With the changes described above, the code will look as follows:

%%writefile script.py
import pathway as pw


class InputSchema(pw.Schema):
    user_id: str
    access_time: int


if __name__ == "__main__":
    table = pw.io.csv.read(
        "logs/",
        mode="static",
        schema=InputSchema,
        persistent_id="logs",  # Change: persistent ID assigned
    )
    sessions = table.windowby(
        pw.this.access_time,
        window=pw.temporal.session(max_gap=300),
        shard=pw.this.user_id,
    ).reduce(
        user_id=table.user_id,
        session_length=(
            pw.reducers.max(table.access_time) - pw.reducers.min(table.access_time)
        ),
        session_start=pw.reducers.min(table.access_time),
        session_finish=pw.reducers.max(table.access_time),
        count=pw.reducers.count(),
    )
    pw.io.csv.write(sessions, "sessions.csv")

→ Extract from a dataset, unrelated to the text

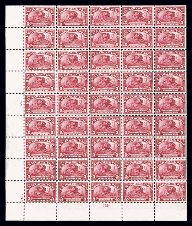 1202 nhbl Q5 image#Q5, 5c Parcel Post, bottom left pane plate no. 6214 pane of 50, radiant rich color, o.g., n.h., fine-very fine; a very scarce and seldom offered pane. (imagea) (Image) $6,620.00+

    # Change: persistence config created
    persistence_backend = pw.persistence.Backend.filesystem("./PStorage")
    persistence_config = pw.persistence.Config.simple_config(persistence_backend)
    pw.run(
        monitoring_level=pw.MonitoringLevel.NONE,

        # Change: persistence config passed to the method
        persistence_config=persistence_config,
    )
Overwriting script.py

Now, you can run it so that it provides the initial artifacts to the persistent storage.

!python script.py
/usr/local/lib/python3.10/dist-packages/pathway/internals/table.py:1189: UserWarning: Key sets of self and other in update_cells are the same. Using with_columns instead of update_cells.
  warnings.warn(
[2023-11-29T15:01:38]:INFO:Preparing Pathway computation
[2023-11-29T15:01:38]:INFO:No time has been advanced in the previous run, therefore no data read from the snapshot
[2023-11-29T15:01:38]:INFO:Reached the end of the snapshot. Exiting the rewind after 0 entries
[2023-11-29T15:01:38]:INFO:Seek the data source to the frontier OffsetAntichain { antichain: {} }
[2023-11-29T15:01:38]:INFO:CsvFilesystemReader-logs: 0 entries (1 minibatch(es)) have been sent to the engine
[2023-11-29T15:01:38]:INFO:CsvFilesystemReader-logs: 9 entries (2 minibatch(es)) have been sent to the engine
[2023-11-29T15:01:38]:WARNING:CsvFilesystemReader-logs: Closing the data source
[2023-11-29T15:01:38]:INFO:FileWriter-0: Done writing 0 entries, time 1701270098482. Current batch writes took: 0 ms. All writes so far took: 0 ms.
[2023-11-29T15:01:38]:INFO:Save offset: (Empty, FilePosition { total_entries_read: 11, path: "/content/logs/part_two.csv", bytes_offset: 71 })
[2023-11-29T15:01:38]:INFO:FileWriter-0: Done writing 3 entries, closing data sink. Current batch writes took: 0 ms. All writes so far took: 0 ms.

Now, let's introduce some new logs. These logs will include access entries for times after the previous data. To demonstrate that the results only capture the new changes, we'll focus solely on the access events for user bob.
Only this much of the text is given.